To, The Manager Department of Corporate Services

BSE Ltd. Dalal Street, Fort Mumbai – 400 001

Ref. -: Scrip Code - 521244

Subject: - Proceedings of the 34th Annual General Meeting (AGM) of the Company held on September 19, 2025.

Dear Sir/ Madam,

Pursuant to Regulation 30 of the Securities and Exchange Board of India (Listing Obligations and Disclosure Requirements) Regulations, 2015 (“SEBI Listing Regulation”) please find enclosed the Gist of proceedings of the 34th Annual General Meeting of the Company held yesterday i.e., Friday, September 19, 2025 at 03:30 P.M. (IST), through Video Conferencing / Other Audio-Visual Means (“VC/ OAVM”) facility to transact the business as stated in the Notice of the AGM.

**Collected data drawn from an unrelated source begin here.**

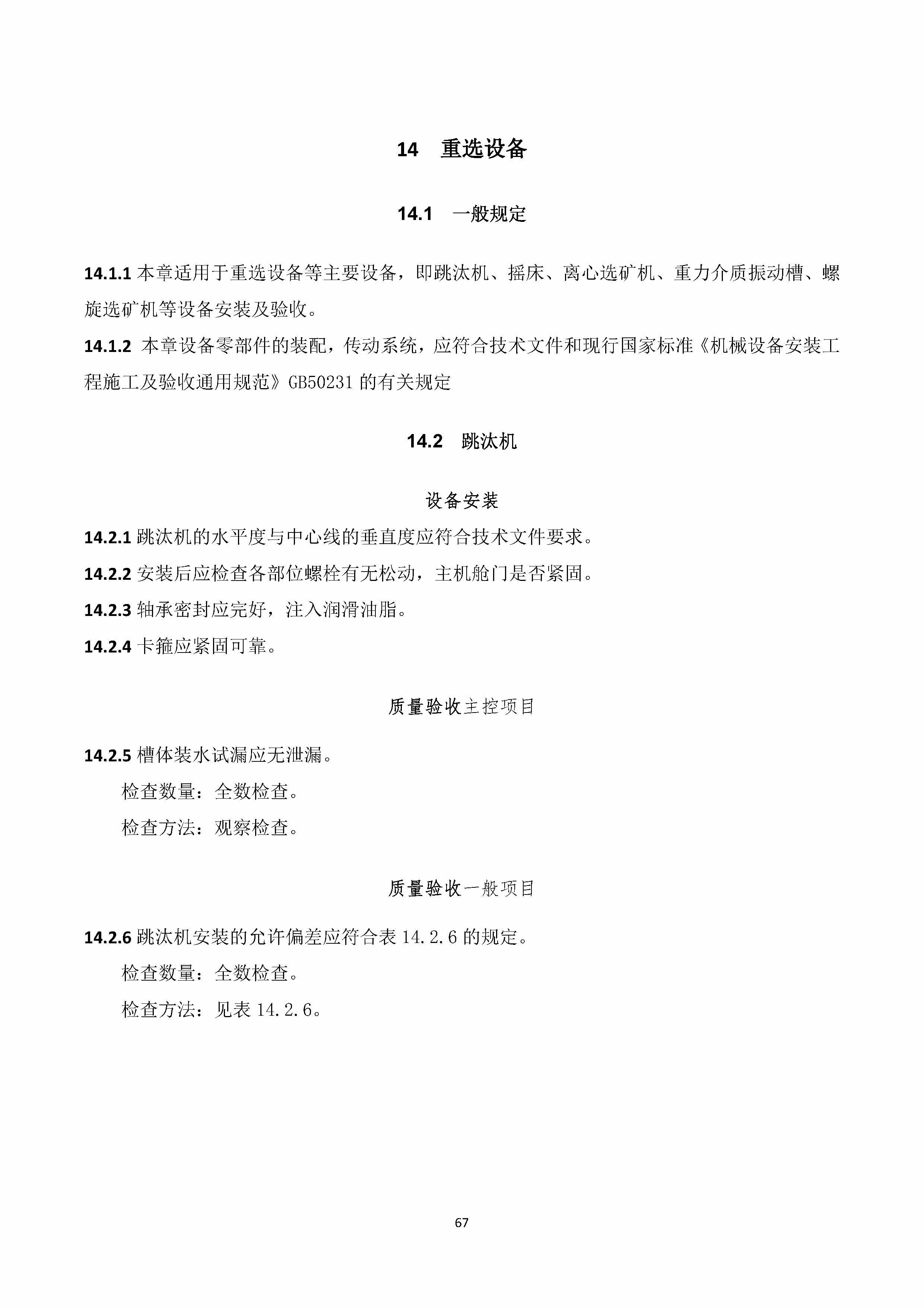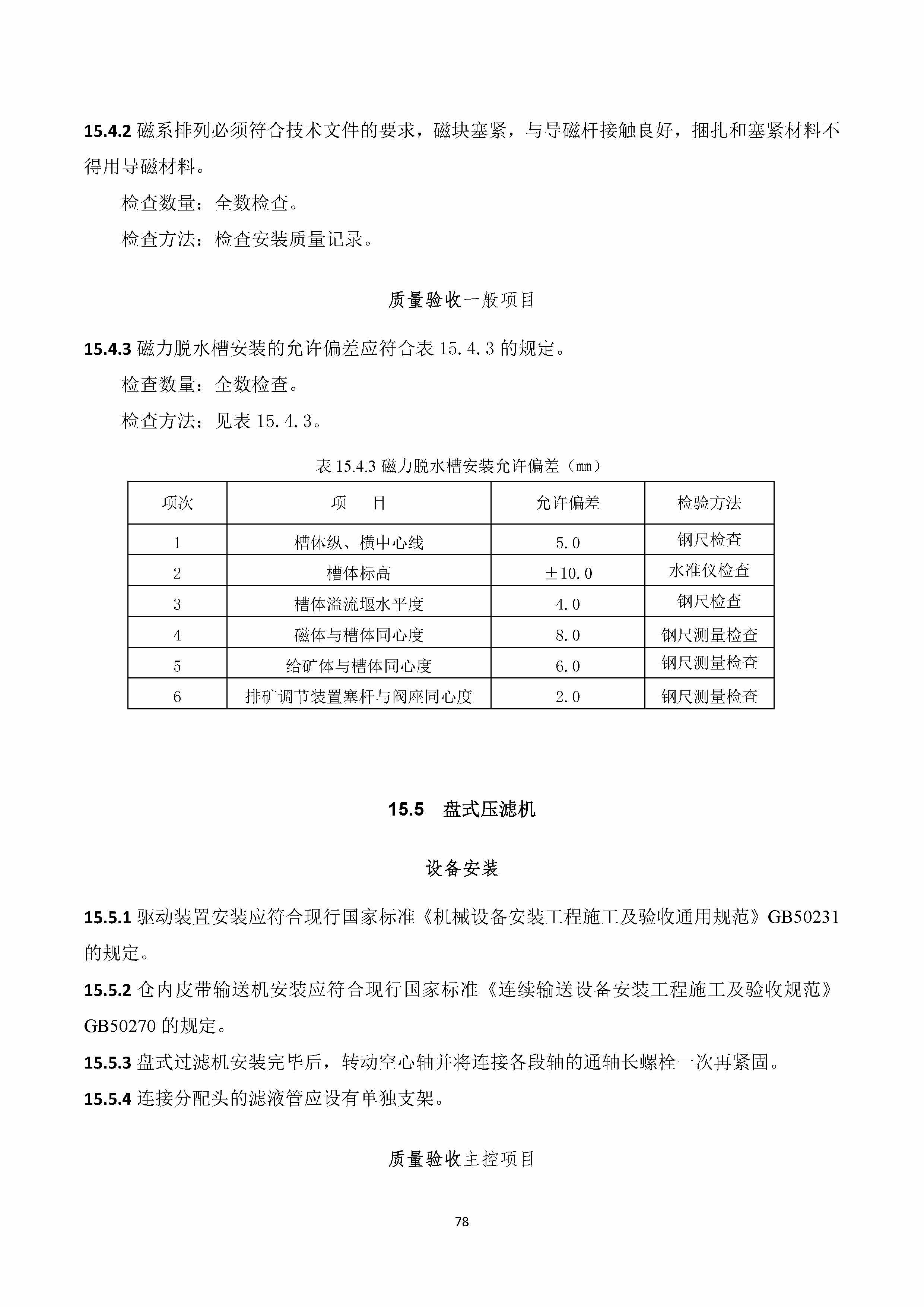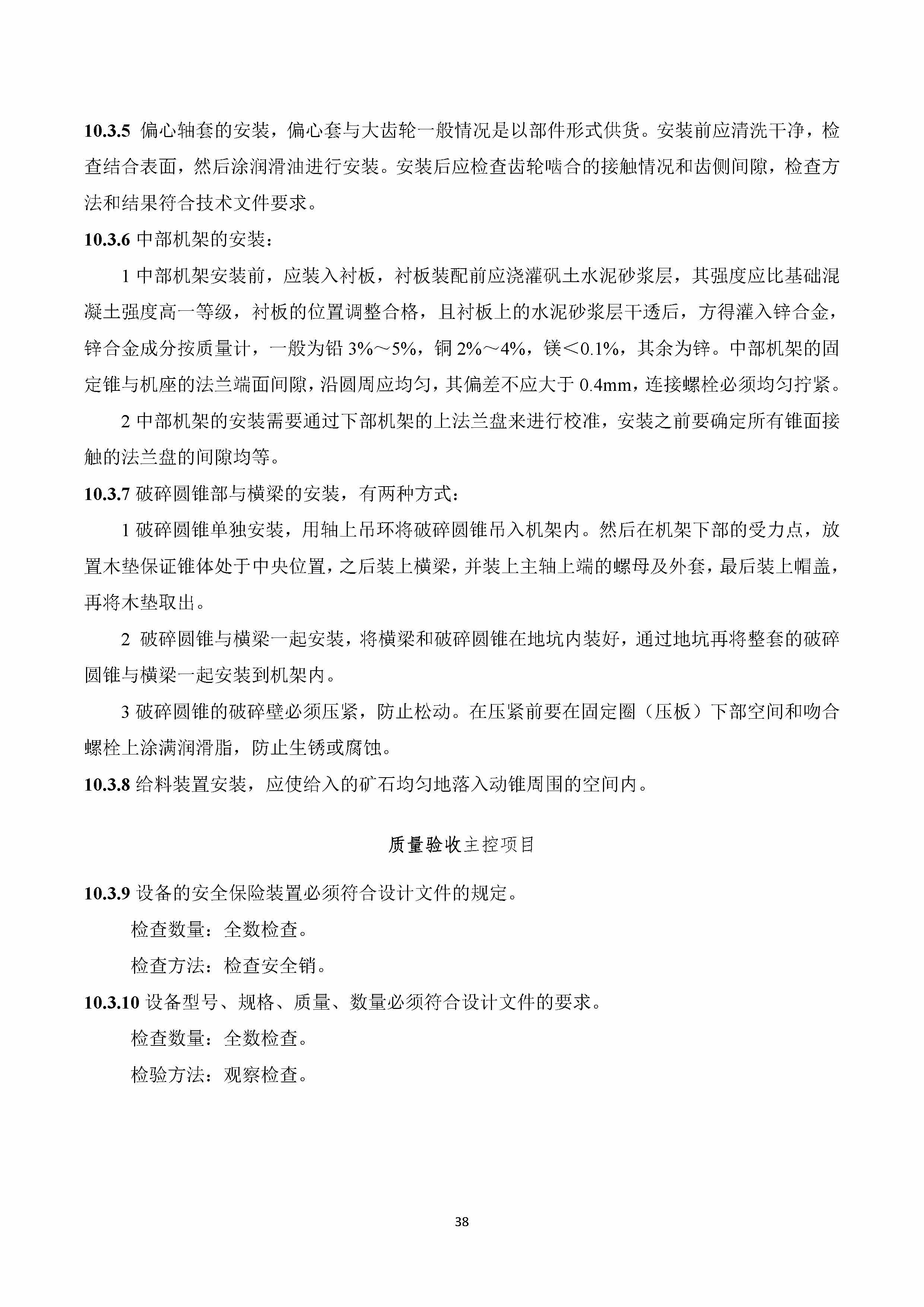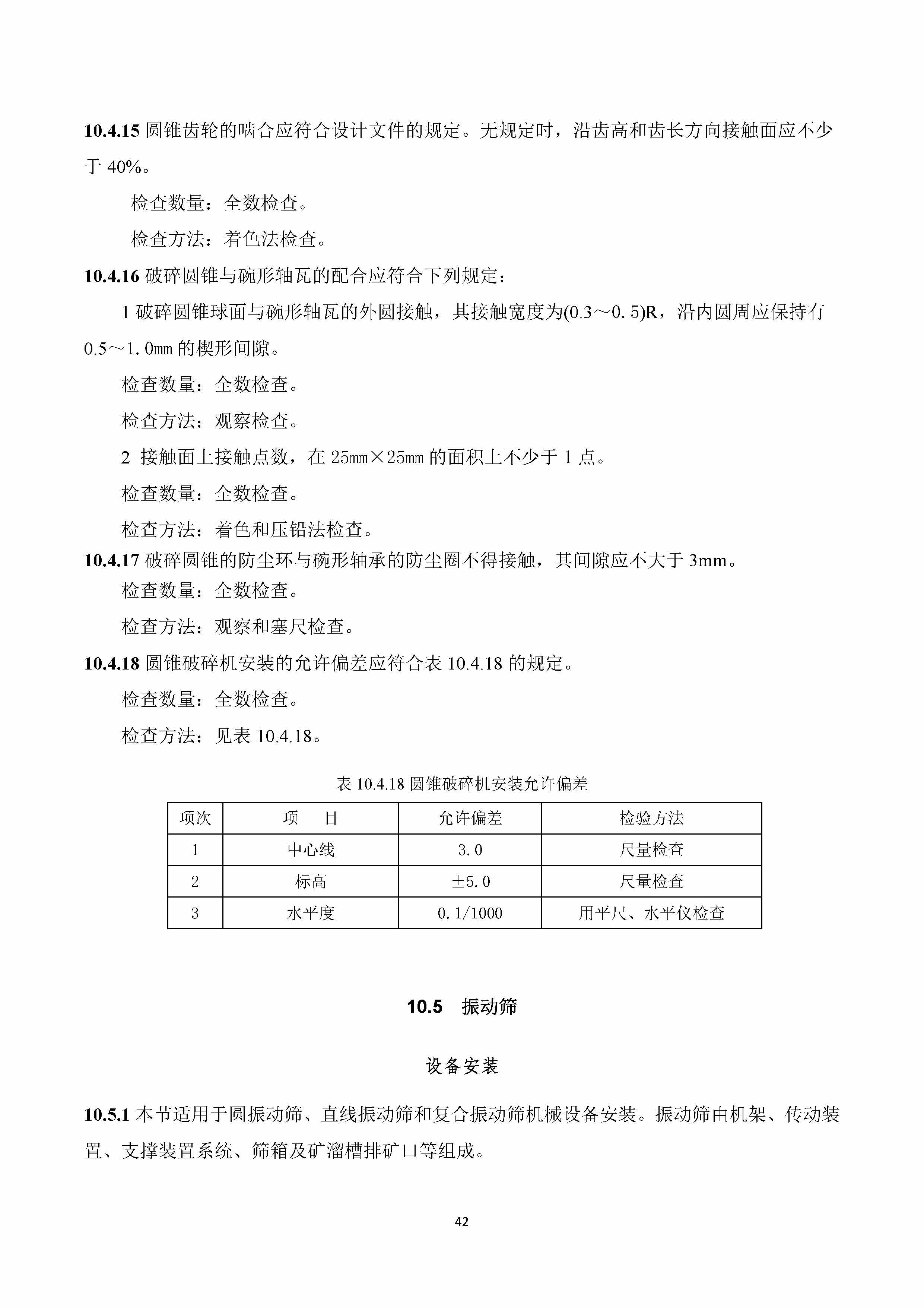 本規范共分17章,包括總則,術語,基本規定,設備基礎、地腳螺栓和墊板,設備和材料,堆、取、卸礦設備,連續長輸礦設備,儲礦倉及受料槽(斗),給礦設備,破碎及篩分設備,磨礦設備,分級設備,磁選設備,浮選設備,重選設備,脫水設備,安全環保。本規范中以黑體字標志的條文為*性條文,必須嚴格執行。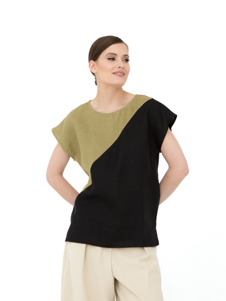 Женская блузка - это не просто предмет одежды, а стильный акцент, который подчеркнет вашу индивидуальность. Комбинированная блузка свободного кроя из 100% льна в цвете оливково-черный - это именно тот вариант, который не оставит равнодушной ни одну модницу. Лен - это натуральный материал, который известен своей прочностью и удобством. Блузка из льна обеспечивает прохладу и свежесть в жаркие дни и не сковывает движения благодаря свободному крою. Комбинированный цвет оливково-черный придает блузке элегантный и стильный вид. Ее можно носить в сочетании с джинсами и кедами для создания кэжуал образа, а также с классическими брюками и туфлями для создания офисного стиля.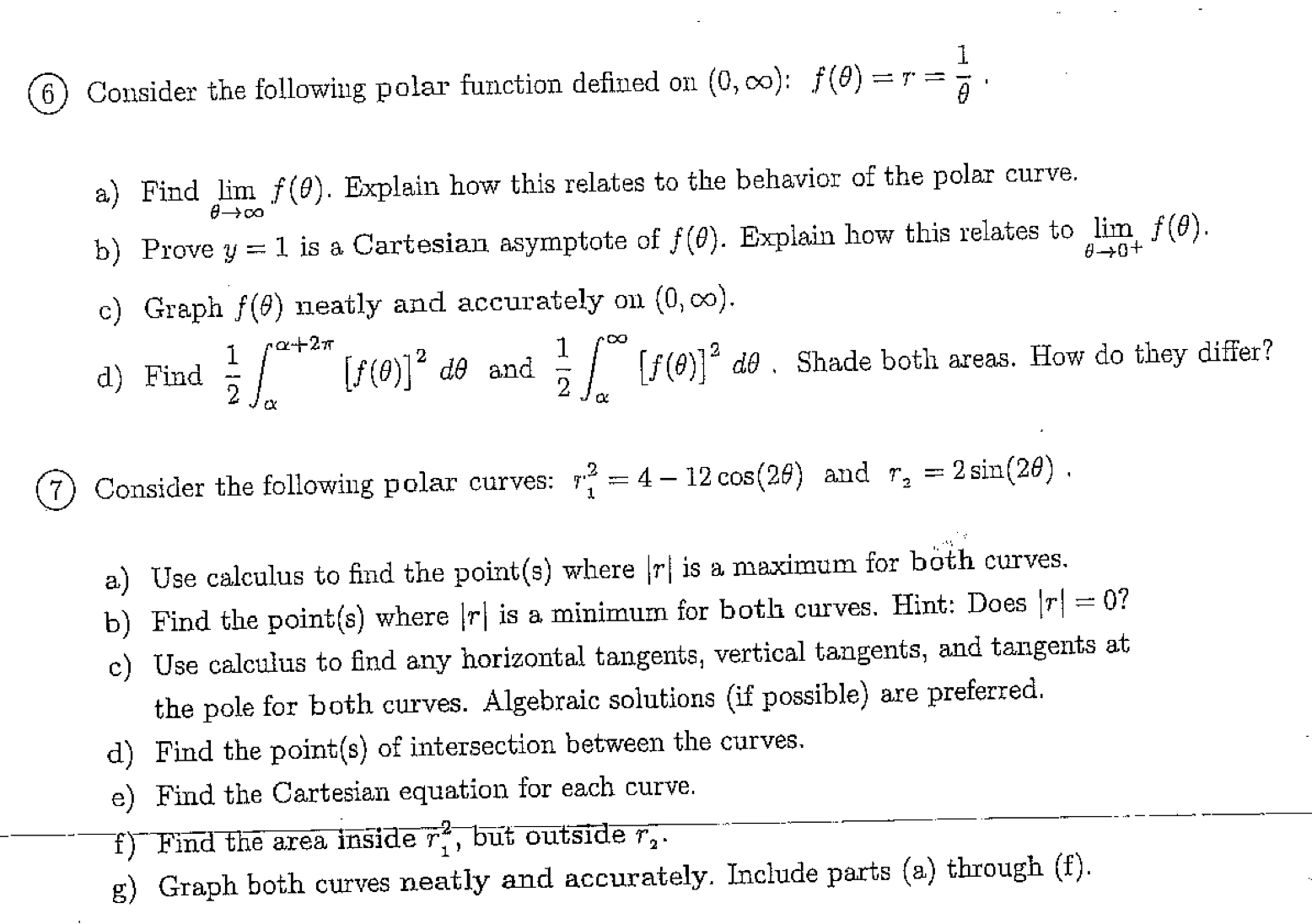 6 Consider the following polar function defined on (0, xo): f(0) j...

The additional details as required under Regulation 30 of SEBI (Listing Obligation and Disclosure Requirements) Regulations, 2015 read with SEBI Circular No. SEBI/HO/CFD/PoD2/CIR/P/0155 dated November 11, 2024, are enclosed herewith.

The Meeting commenced at 03:30 P.M. and concluded at 4:13 P.M. (including time allowed for evoting).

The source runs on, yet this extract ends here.